*** Opening Exercise inputs ***

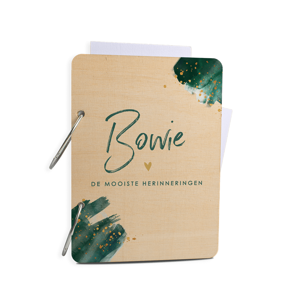 Vrolijke bewaarbundel met groene watercolour vlekken en gouden verfspetters. De bewaarbundel is gemaakt van multiplex hout, heeft afgeronde hoeken en twee metalen ringen.
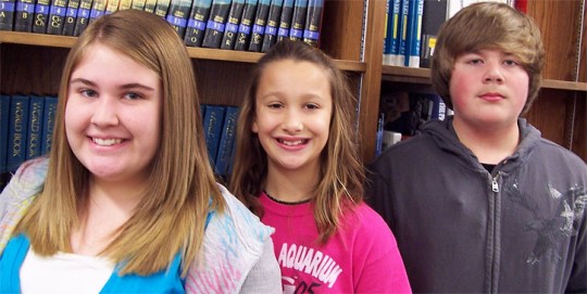 Ernest Ward Middle School has named Haley Weaver, Denise Floyd and Tristan Brown (pictured L-R) as Students of the Month for December. Submitted photo for NorthEscambia.com photo, click to enlarge.
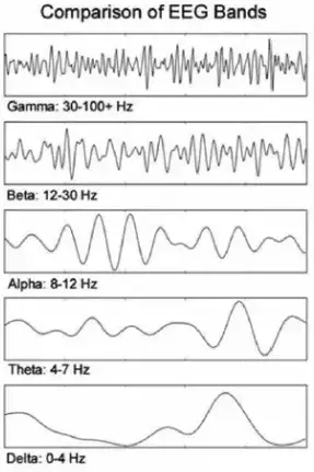 脑电信号可以看成就是由不同的正弦信号混壘而成的混合信号,通过傅里叶变换,就能够将这个混合信号重新分解成具有不同频率的正弦波,从而获得频域上的信息。
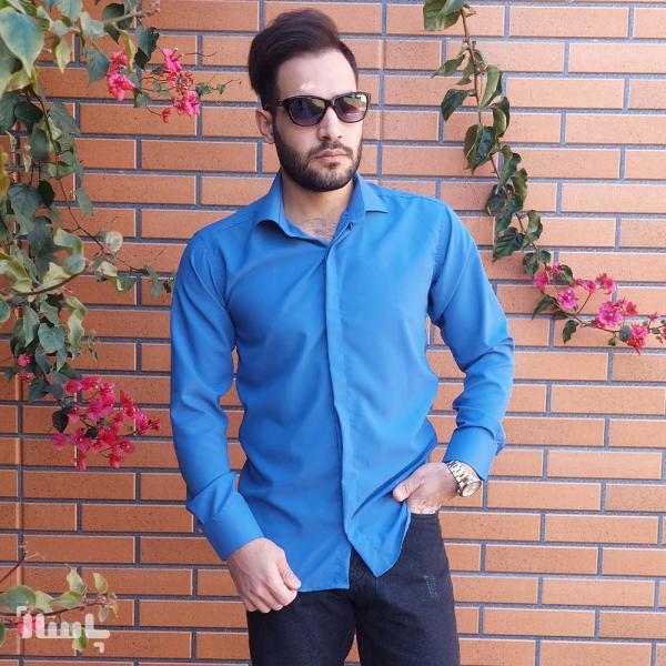 پیراهن مردانه آستین بلند دکمه مخفی رنگ آبی تیره
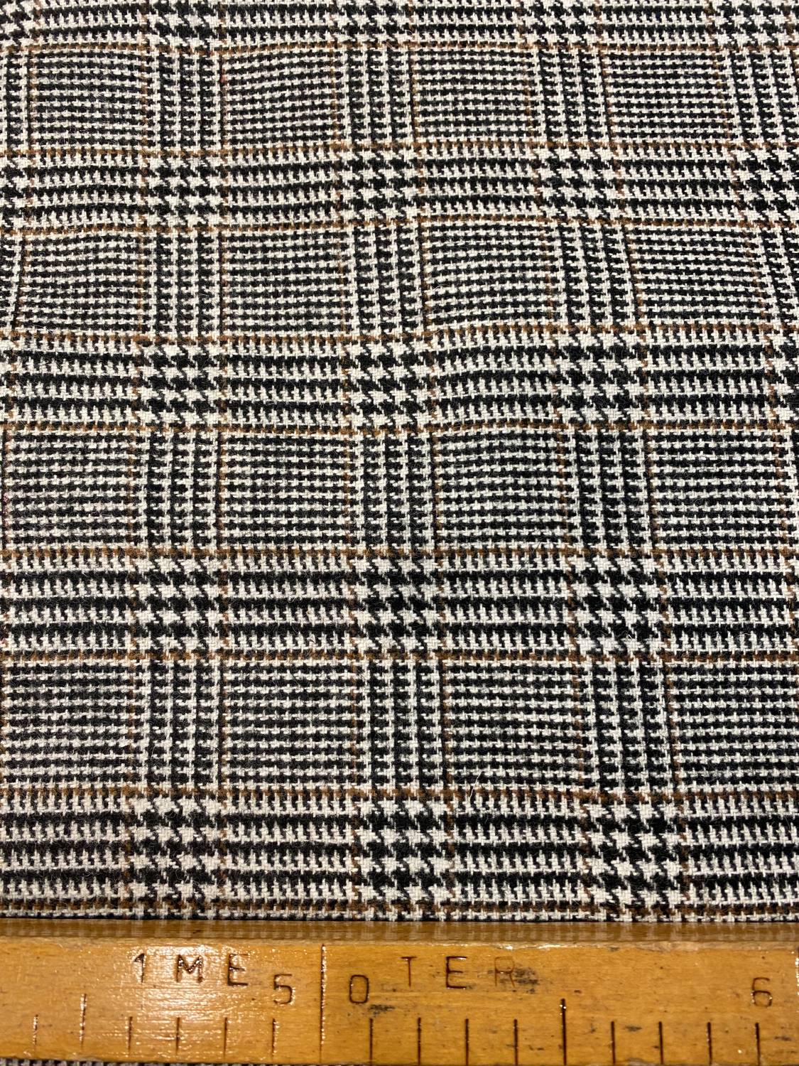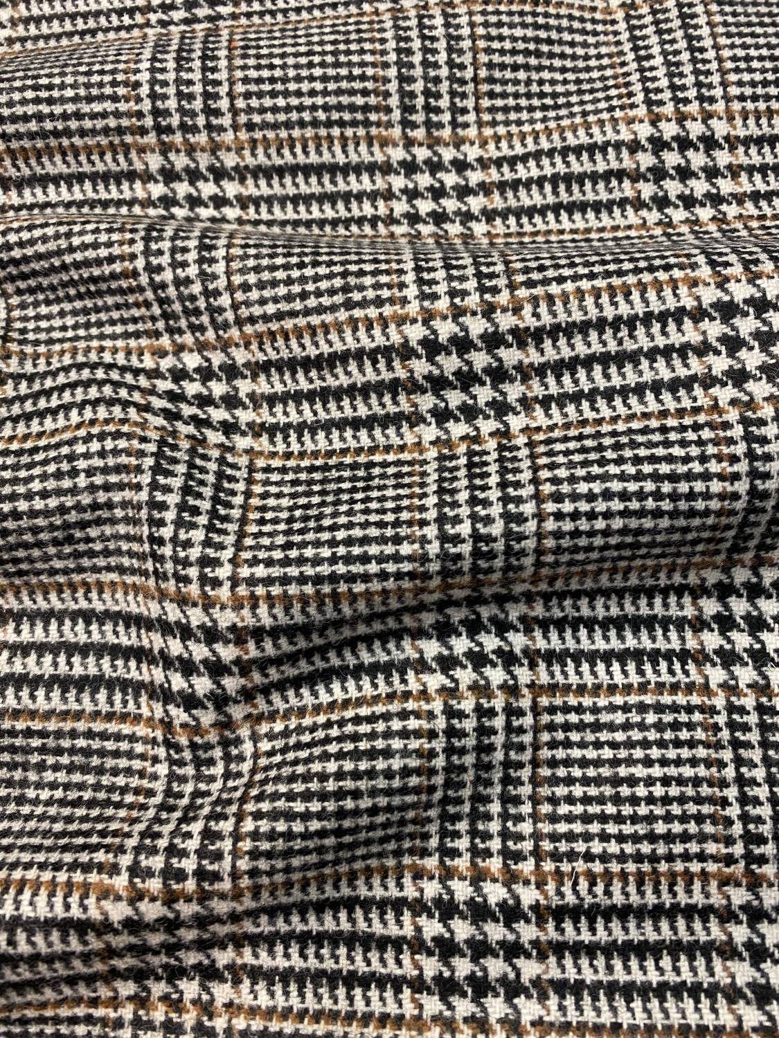 Ez a prémium minőségű, közepes vastagságú gyapjúszövet a klasszikus fekete-fehér Eszterházy-kockás mintát meleg barna csíkozással egészíti ki, ami elegáns és időtálló karaktert kölcsönöz az anyagnak. A szövet felülete finoman strukturált, tartása kiváló, ugyanakkor természetes gyapjúesése miatt szépen követi a szabásvonalakat. Ideális választás klasszikus, mégis modern megjelenésű ruhadarabok készítéséhez.

*** Closing Exercise inputs ***

▸ Action item
Write out the lines of the listing from the one that holds "پیراهن مردانه آستین" to the very last line, both included, exactly as they appear and without any pictures.

▸ Exercise solution
 پیراهن مردانه آستین بلند دکمه مخفی رنگ آبی تیره
 Ez a prémium minőségű, közepes vastagságú gyapjúszövet a klasszikus fekete-fehér Eszterházy-kockás mintát meleg barna csíkozással egészíti ki, ami elegáns és időtálló karaktert kölcsönöz az anyagnak. A szövet felülete finoman strukturált, tartása kiváló, ugyanakkor természetes gyapjúesése miatt szépen követi a szabásvonalakat. Ideális választás klasszikus, mégis modern megjelenésű ruhadarabok készítéséhez.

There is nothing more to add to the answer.